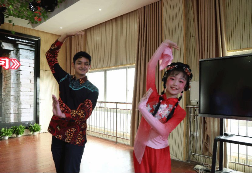 9月18日,“我在中国江西读大学”系列活动走进宜春高安,组织江西水利电力大学、江西中医药大学7名来华留学生体验中国传统戏剧、国家级非遗项目——高安采茶戏的韵味。大家穿上戏服,跟随老师学习经典剧目台词,领略戏曲意趣,在文化碰撞中实现与中华优秀传统文化的情感共鸣。校党委委员、党委宣传部部长、江西国际传播高校联盟秘书长洪恩强,高安市委常委、宣传部部长古红玲,宣传部副部长李莉,我校国际交流与合作处、高安采茶戏艺术中心、高安市第四小学相关负责人及师生代表参加。
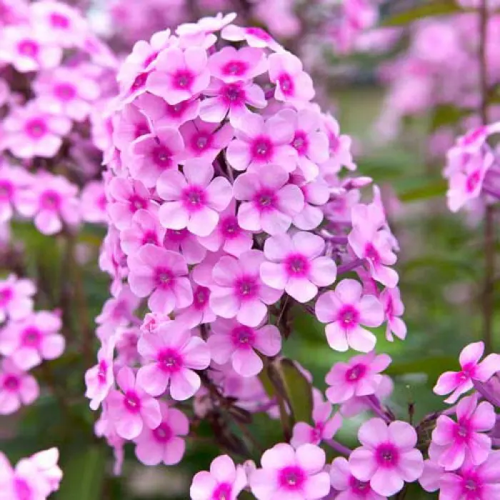 Флокс метельчатый Miss Pepper. Популярный морозостойкий многолетник. Куст компактный, хорошо облиствленный. Стебли прочные прямостоячие. На их концах образуются соцветия. Сорт удивительно живучий и здоровый, отлично нарастающий.
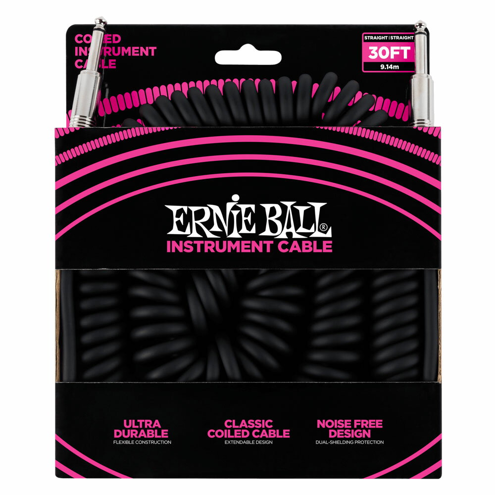 アーニーボール ERNIE BALL 6044 30' Coiled Straight/Straight Instrument Cable BLACK ギターケーブル
......
- TASK GOAL -
Please repeat all of the data exactly, excluding images.

- REPLY -
 9月18日,“我在中国江西读大学”系列活动走进宜春高安,组织江西水利电力大学、江西中医药大学7名来华留学生体验中国传统戏剧、国家级非遗项目——高安采茶戏的韵味。大家穿上戏服,跟随老师学习经典剧目台词,领略戏曲意趣,在文化碰撞中实现与中华优秀传统文化的情感共鸣。校党委委员、党委宣传部部长、江西国际传播高校联盟秘书长洪恩强,高安市委常委、宣传部部长古红玲,宣传部副部长李莉,我校国际交流与合作处、高安采茶戏艺术中心、高安市第四小学相关负责人及师生代表参加。
 Флокс метельчатый Miss Pepper. Популярный морозостойкий многолетник. Куст компактный, хорошо облиствленный. Стебли прочные прямостоячие. На их концах образуются соцветия. Сорт удивительно живучий и здоровый, отлично нарастающий.
 アーニーボール ERNIE BALL 6044 30' Coiled Straight/Straight Instrument Cable BLACK ギターケーブル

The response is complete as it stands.